PENELOPE BEFORE MARRIAGE
There are no mermaids in Lake Ontario,
but I’ve heard you singing. The girls
leaned in, legs wobbling onboard,
their footing unsure. Before the ferry
crossed our path we tacked, taking our time
with the racing done and the jib sheets slack.
The wind flirted with their feathery hair,
and they shivered as if feeling your eyes
comparing their bare arms, tempting
and harmless. One among us will be your
true wife. Across the inner harbour, hotels
lure and wink, waiting for your gamble.
Prince of this pleasure craft, you sighed
and looked away from the western gap
and the squalls beyond these sheltered waters.
Soon we’d be motoring back for supper.
Flaking the main, I hugged the mast.
I never stopped my ears against your suit
nor strained against what bound me. Our
greatest hardships are those closest to home. (Phoebe Wang, 2ND
PRIZE POETRY)
Arrived in my mailbox recently was Saskatoon’s grain: the journal of eclectic writing, Vol. 39.2 (winter 2012), their “short
grain contest issue,” as poetry judge Jeramy Dodds awarded three prizes (in
order) to Tim Bowling, Phoebe Wang and Vincent Colistro, and fiction judge
Zsuzsi Gartner awarded three to (in order) Pete Duval, Zack Haslam and Zoey Peterson. It’s interesting to see, especially given that the issue that appears
a year from now will be holding my own choices in the poetry category
(apparently a mound of poems appear for me to judge in May), thanks to previous
editor Sylvia Legris. As Dodds writes about the winning poem, Bowling’s
“Gedding Wilder”:
What catches the eye, in this poem, soothes the ear, tweaks the mind.
The movement and disposition of this piece shows a cool hand at imagery and
complete control of tone. We are treated to language that both jokes and
loosens our grip on narrative, while the leaping cinematics sequester any hopes
we may have of coming out the same. We are stared at by “every crow / in a
photographer’s cloak,” “and all the dark drops of rain / left fingerprints at
the scene / of the crime” while there are “totemic salmon / swimming jerkily
by.” But if we think this is just a list of acute imagery we are mistaken, for
the entirety of the poem’s structure feeds its lyricism, “this cut jumps like
that, like life, / life jumps like life.”

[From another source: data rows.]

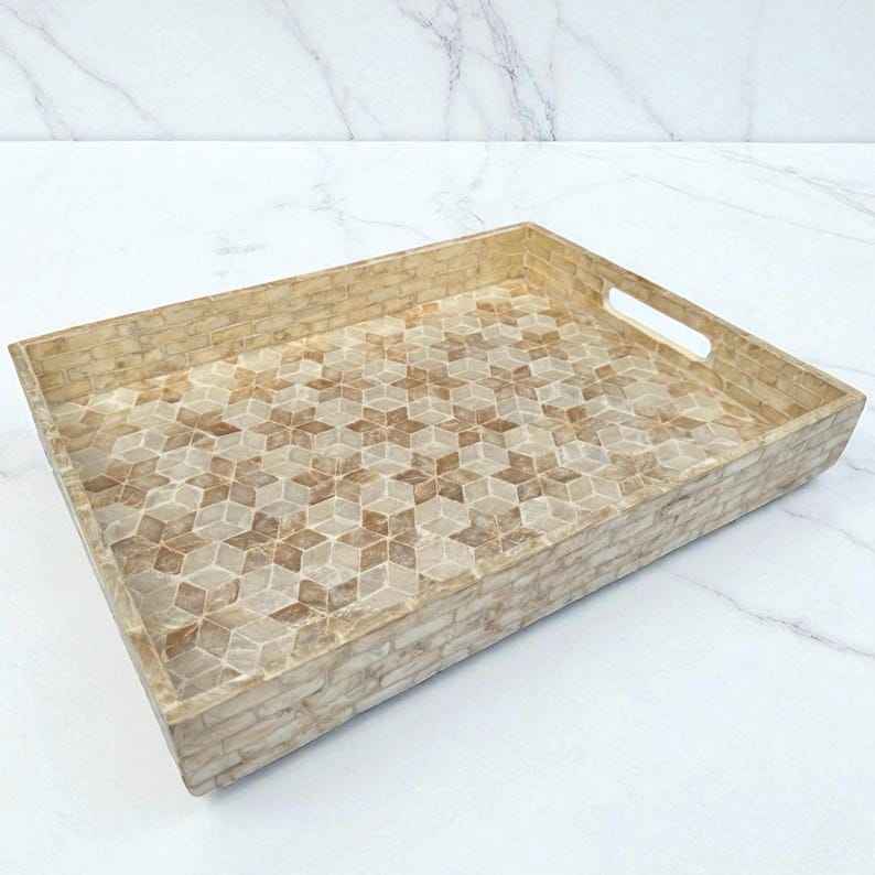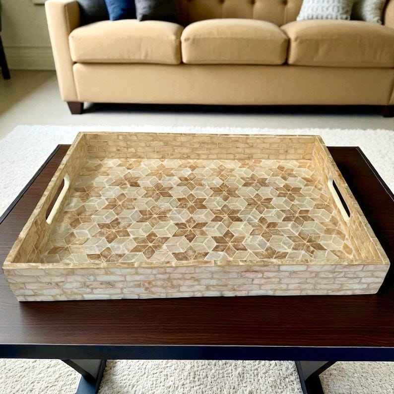 ถาดเสิร์ฟเปลือกหอยมุกเคลือบแลคเกอร์ ถาดไม้ตกแต่งฝังมุก ถาดออตโตมันมีหูจับ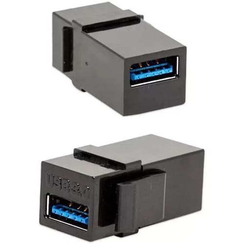 O keystone usb x usb, funciona como um extensor e é ideal para o uso em painel de madeira, espelhos de tomada, móveis para embutir entre outros.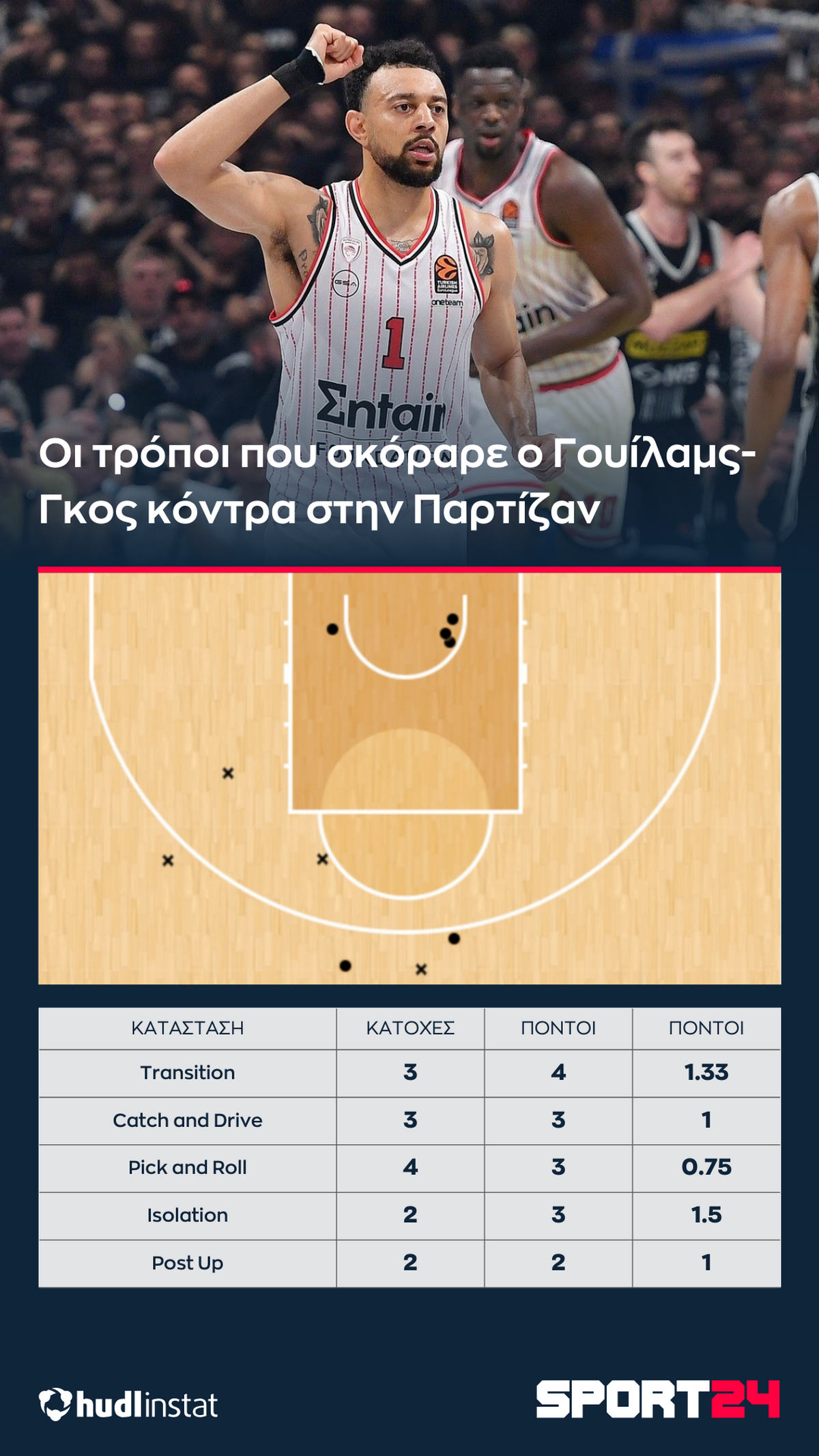 Ο Στέφανος Μακρής αναλύει με την βοήθεια του Hudl Instat την νίκη του Ολυμπιακού επί της Παρτίζαν. Το +18 της 5αδας της 4ης περιόδου που όλη την σεζόν έχει βρεθεί στο παρκέ στην EuroLeague μόνο στα ματς με την Παρτίζαν και ο διπλός ρόλος του Γουίλιαμς-Γκος, ο οποίος πέρα από την επίθεση είχε ένα μυθικό νούμερο στην άμυνα.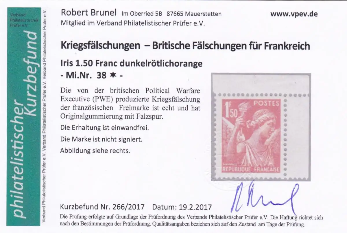 Falsification de guerre: faux britannique pour la France;Mi n° 38, 42, *

To judge, and then to judge. During a comedy
awards show last year, Tina Fey said something along the lines that all award
shows “are bullshit,” and I mostly agree, but understand also the benefits of
highlighting certain works and artists, or even the simple matter of getting
money into the hands of poets who are doing interesting works.
The Bowling poem
doesn’t do it for me, but then again, I wasn’t the judge for last year’s
competition (I much preferred the second place piece).
But there are other pieces in the issue as well.
Partly because the story is set in Ottawa, I’m intrigued by Robert Lake’s short
story, “The Delphic Embroiderer,” an odd tale that can’t quickly be described,
but can easily be the exception to the rule that all fiction set on Parliament
Hill has to be political.
Perhaps it might be best to simply give you the
opening paragraph, and let you be your own judge:
The shooting of a bewildered moose on Parliament Hill provoked
considerable media coverage and, of course, forced me to correlate this
unexpected event with chaos theory, which asserts that nature is neither
mindlessly orderly nor chaotic. Nature fluctuates predictably, yes
predictably, between pattern and random movement. Is moose murder random or
a human pattern? If both, in what proportions has Nature blended order and
chaos, a statistical challenge worthy of John Nash, perhaps even of Euclid, the
triangle guy? Why had the moose strayed from the herd? Most important: what
does blood gushing from the moose’s jugular fifty metres from the Prime
Minister’s Office portend, if anything?